_About this exercise_. Each line in the material below must be transcribed exactly; no picture belongs in the copy.

_Recorded information_.
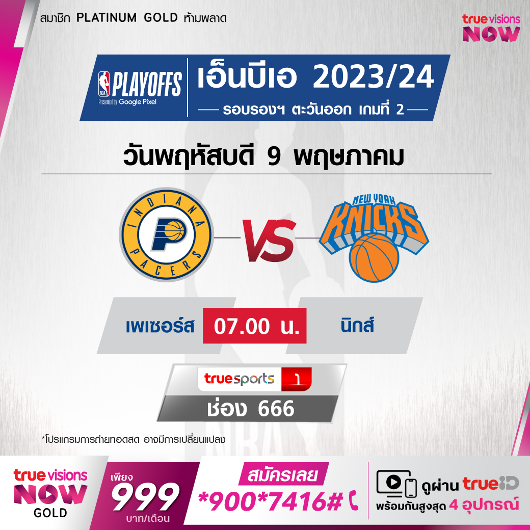 วันพฤหัสบดี 9 พ.ค. Pacers Vs Knicks เวลา 07.00 ทางช่อง TS 1 (666)
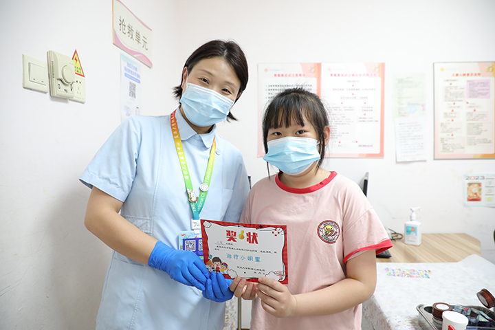 2018年,她在沉浸式医学体验馆--“梦想医学院”担任志愿者感受到了医疗游戏的魔力,并于2019年参加了专项培训班,2020年毕业后通过路演、打针我不怕等多种方式不断推进医疗辅导在门诊护理中的应用,门诊满意度从2019年的4.62攀升到2022年的4.91分。2020年疫情期间,她还通过小布家园为滞留在门诊的家属26人次,提供了住宿及生活帮助。
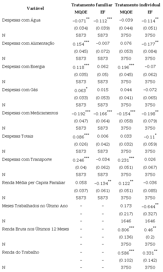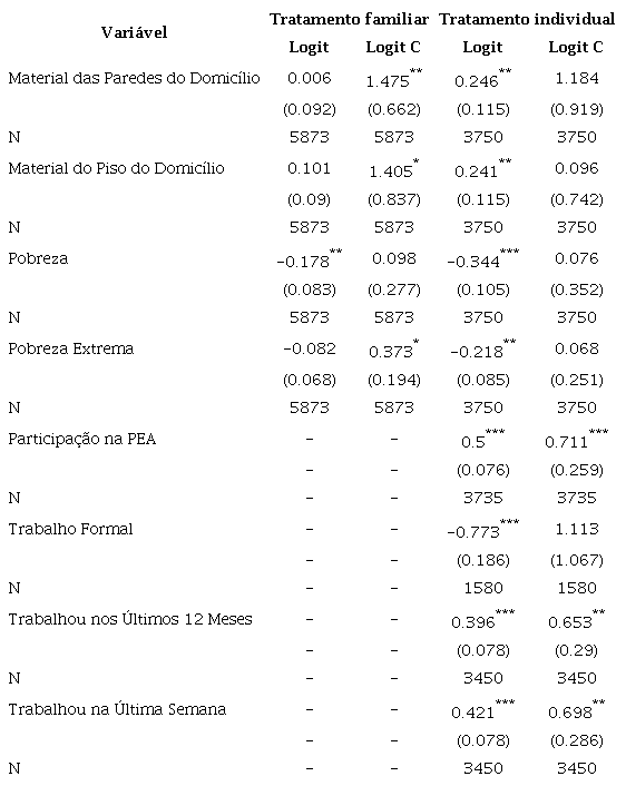 Os resultados estão representados nas tabelas a seguir. Destacaram-se os resultados considerados robustos, isto é, significativos e com mesmo sinal nas estimações baseadas no método de Efeitos Fixos tanto para o tratamento familiar, como para o tratamento individual, nesse caso para as estimações que consideraram os dois tratamentos. As estimativas realizadas a partir do método dos Efeitos Fixos são mais confiáveis do que aquelas feitas por Mínimos Quadrados Ordinários Empilhados porque elas lidam com possível viés de heterogeneidade entre os indivíduos. No caso das variáveis binárias, como verificou-se que os resultados estimados são sensíveis à baixa variabilidade das variáveis de interesse, sobretudo naqueles baseados no método da regressão logística condicional, foram considerados robustos os resultados significativos e com mesmo sinal obtidos com os dois métodos e nos dois tratamentos.

_Output_.
 วันพฤหัสบดี 9 พ.ค. Pacers Vs Knicks เวลา 07.00 ทางช่อง TS 1 (666)
 2018年,她在沉浸式医学体验馆--“梦想医学院”担任志愿者感受到了医疗游戏的魔力,并于2019年参加了专项培训班,2020年毕业后通过路演、打针我不怕等多种方式不断推进医疗辅导在门诊护理中的应用,门诊满意度从2019年的4.62攀升到2022年的4.91分。2020年疫情期间,她还通过小布家园为滞留在门诊的家属26人次,提供了住宿及生活帮助。
 Os resultados estão representados nas tabelas a seguir. Destacaram-se os resultados considerados robustos, isto é, significativos e com mesmo sinal nas estimações baseadas no método de Efeitos Fixos tanto para o tratamento familiar, como para o tratamento individual, nesse caso para as estimações que consideraram os dois tratamentos. As estimativas realizadas a partir do método dos Efeitos Fixos são mais confiáveis do que aquelas feitas por Mínimos Quadrados Ordinários Empilhados porque elas lidam com possível viés de heterogeneidade entre os indivíduos. No caso das variáveis binárias, como verificou-se que os resultados estimados são sensíveis à baixa variabilidade das variáveis de interesse, sobretudo naqueles baseados no método da regressão logística condicional, foram considerados robustos os resultados significativos e com mesmo sinal obtidos com os dois métodos e nos dois tratamentos.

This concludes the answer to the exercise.